Tarshis always worked on issues that had been dear to Keynes's heart - theories of employment and inflation, international monetary matters, the appropriate policies with which to deal with economic and social problems in interrelated democratic societies. (As a Canadian he was always an open-economy person.) He has left us a definitive paper on the aggregate supply function (1979), astute analyses of the dangers inherent in the Euro-dollar market ('the financial San Andreas fault - we know there will be an earthquake but we don't know when') and of what to do about the debt crisis of the developing countries.

Because he was so clear-headed concerning the interrelationships of the micro and macro aspects of economies, he was never seduced by the worst heresy of modern economics, using the representative agent to analyse systemic problems.
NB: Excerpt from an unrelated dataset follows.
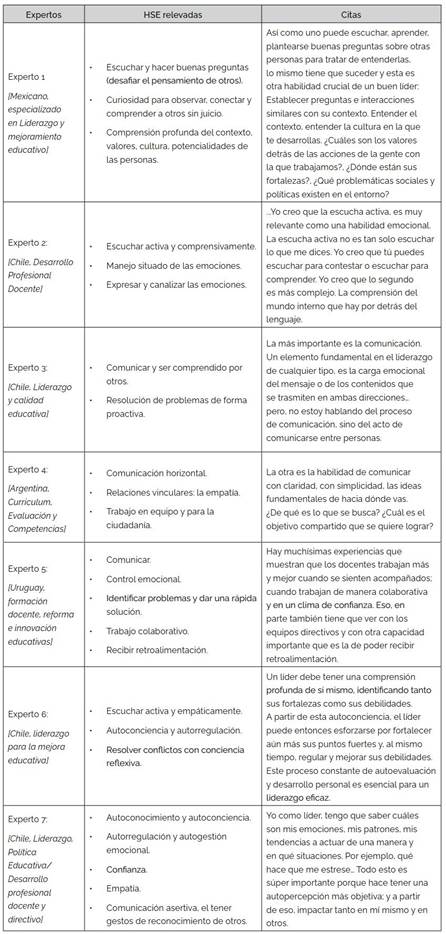 Los hallazgos del estudio muestran convergencias en las voces de los expertos respecto a la relevancia de las HSE. Todos reconocen una variedad de HSE relevantes en el ejercicio del liderazgo pedagógico con una potencial influencia en el DPD.

But it was by personal contact in discussion, criticism and enthusiastic support that he had his greatest influence, for he was an old-fashioned teacher par excellence. Through students and colleagues the essential soundness of Keynes's message was imparted, quietly and unobtrusively but with conviction and persuasion, not least by Lorie Tarshis. His ire and scorn were reserved for the stupid, the insensitive and the inhumane who, failing to see the soundness of the approach, unwittingly pushed capitalism towards the abyss from which Keynes had tried to rescue it well over 50 years ago. The acid test for Tarshis was whether you thought causality ran from employment to the real wage. If you did, you shared his 'vision' and enjoyed the privilege of his friendship and companionship.

Two things remain to be stressed. First, his love of sport - he remained an excellent squash player well into his seventies. Secondly, and most importantly, his rich family life with Inga and their daughter, Tanya. Inga and Lorie were also on excellent terms with the three children from his first marriage to Elizabeth Kent.
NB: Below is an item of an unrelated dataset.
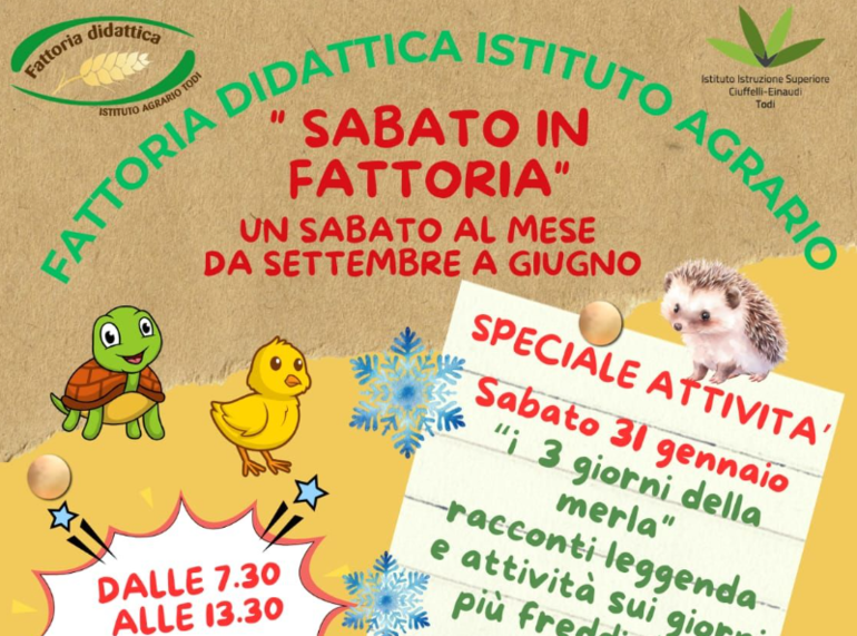 L'attività si terrà sabato 31 gennaio, dalle 7:30 alle 13:30 presso la Fattoria Didattica, Istituto Agrario di TodiBambini della scuola dell'infanzia e primaria. Un'occasione per scoprire la natura, gli animali e il mondo della fattoria in modo divertente e coinvolgente.

Tarshis came from the Toronto Jewish community though neither side of his family, nor Lorie himself, lived completely or even predominantly within it. His father, Dr Singer, a GP who was also City Coroner, died when Lorie was very young. Lorie took the surname of his stepfather, a Toronto businessman, of whom he was very fond. Tarshis had relatives who supported and appreciated the arts, and his own strong love and extensive knowledge of painting, sculpture, books (Blake was his passion), music and live theatre came naturally from this background.
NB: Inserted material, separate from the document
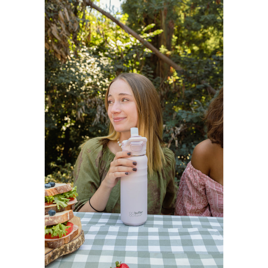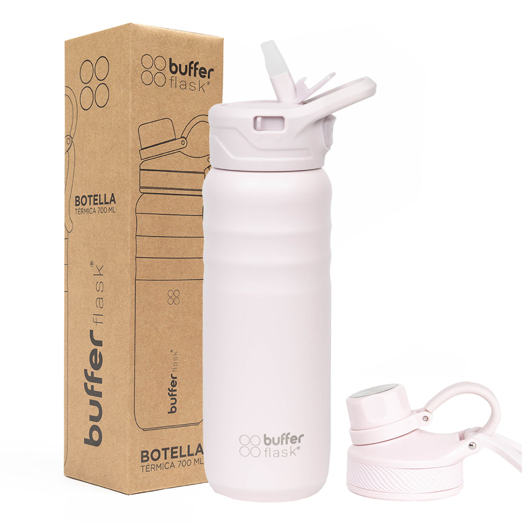 Tu ritmo, tu momento, tu tranquilidad. Comodidad, seguridad e hidratación ante todo! La botella térmica Buffer de 700 ml te permitirá mantenerte hidratado durante más tiempo, sin perder su temperatura, diseñada pensando en tu comodidad, incluye 2 tapas para poder ocuparla en distintos contextos. - Gran capacidad y comodidad: Cuenta con un diseño práctico y fácil de transportar, su tamaño es ideal para llevar contigo en todas, cuenta con 2 tapas para que puedas elegir tu favorita según tus necesidades del momento. - Te ayudará a llevar tus bebestibles con mucho estilo, ideal para mantenerte sano tomando la cantidad correcta de agua al día. - Sabemos que es importante la temperatura dentro de tu botella, por eso tu botella térmica Buffer se mantiene ¡24 horas fría y 12 horas caliente! - Ideal para ocupar con bebidas frías y calientes: Las botellas Buffer se caracterizan por ser multifacéticas, es por esto que te permiten mantener bebidas frías y calientes sin problema. - Tapa con sistema a prueba de fugas. - Su doble pared aislada al vacío, permite mantener la temperatura de los líquidos por mayor tiempo y al evitar la transferencia de temperatura elimina el riesgo de quemarte al portar líquidos calientes. - Tu botella Buffer no suda! No te volverás a encontrar con objetos o superficies mojadas alrededor. - Su manilla te ayudará a transportarla fácil y cómodamente. - Perfecta para acompañarte en tu día a día, salidas al cerro, paseos, trabajo y mucho más. - Práctica y fácil de llevar contigo a todos lados, ideal para utilizar en invierno y verano. FICHA TÉCNICA: - Botella con 700 ml con 2 tapas Buffer - Capacidad: 700 ml - Diseño cómodo de tomar. - Libres de BPA - Para bebidas frías y calientes - Incluye 2 tapas para distintos usos - Material Interior: Acero 100% inoxidable 304

Inga, herself deeply cultured with a background embedded in knowledge and appreciation of the arts (she is a singer and her father was an antiquarian bookseller in Rome), was the ideal companion for the rich and satisfying private life of culture which unobtrusively characterised the Tarshises. But, most of all, their many friends, young and old, cherish having been themselves included within the great warmth, concern and love which Inga and Lorie had for each other.